Already on GitHub? Sign in to your account

Pathfinding approaches to ML-Guided knowledge exploration #9

Open
mbrush opened this issue Jan 6, 2018 · 2 comments
Open

Pathfinding approaches to ML-Guided knowledge exploration #9

mbrush opened this issue Jan 6, 2018 · 2 comments

Comments

@mbrush
Copy link
Contributor

mbrush commented Jan 6, 2018

Use an integrated neo4j database to explore how human and machine learning agents might collaborate to extract evidence from knowledge graphs to derive predictions and mechanistic hypotheses.

Tasks

  1. Load a neo4j instance with diverse data types from Monarch and SemMed DB databases.
  2. Define and optimize cypher 'pathfinding' query templates.
  3. Apply templates toward answering selected CQs - start with 'positive control' queries that look for paths through the graph providing evidence supporting a known fact/mechanism (e.g. ALDH2 as a known modifier of FA, or cyclodextrin as a successful re-purposing for Niemann-Pick disease).
  4. Manually explore query results by evaluating types of paths returned, defining rules/approaches to identify most meaningful evidence, and refining queries to hone in on these paths in the data.
  5. Explore machine learning approaches to automate this process, and derive evidence-based predictions from data in knowledge graphs.
  6. Explore approaches/interfaces for human intervention in this process - i.e. how to present underlying rationale for automated predictions in a way that allows human users to evaluate the evidence, refine and extend queries based on this, and inform new experiments and analyses.

Goals

  1. Understand data and modeling requirements for this type of approach
  2. Inform architectural requirements for BB and reasoner applications - particularly w.r.t automated/machine learning methods that can help weight evidence and make predictions, and interfaces for human intervention in refining and extending ML results.
  3. Provide end-to-end examples of what open-ended, ML-guided exploration and discovery in the Translator might look like in practice.

Valued Expertise

  1. Monarch/SemMedDB data
  2. Cypher query language and graph-based algorithms (e.g. for pathfinding, traversals, edge-weighting)
  3. Visualization of graph data and paths
  4. Machine learning approaches
@mbrush
Copy link
Contributor Author

mbrush commented Jan 6, 2018

TL;DR (earlier/longer notes from which the above summary was condensed)
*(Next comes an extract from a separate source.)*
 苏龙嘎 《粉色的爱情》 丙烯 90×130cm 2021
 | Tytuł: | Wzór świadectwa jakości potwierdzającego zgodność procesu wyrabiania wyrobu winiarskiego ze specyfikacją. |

To date most CQ notebooks have explored relatively simple retrieval and faceting type queries. But the real utility of the Translator will be supporting more open-ended, exploration of data , enabling users to populate a blackboard with knowledge that drives serendipitous discovery and novel insight.

Given the graph-based nature of much of the knowledge in the Translator system, 'pathfinding' operations are one potentially useful approach for this type of exploration and blackboard construction. Here, the system would return paths through the graph connecting entities of interest, and allow users to filter and facet these paths to hone in on those representing meaningful evidence in support of their larger question or use case.

For example, given a set of candidate FA modifier genes, explore paths linking these genes to FA in the data to provide evidence for prioritizing/ranking these candidates, and suggesting possible mechanisms of action. Here, we have positive controls that we can start with, as ALDH2, ADH5, and TGFbeta are known modifies with established mechanisms. We will write pathfinding cypher queries that return all paths through the Monarch and SemMedDB data connecting these genes to FA, and explore requirements and approaches for refining/constraining these paths to hone in on those representing the most meaningful evidence.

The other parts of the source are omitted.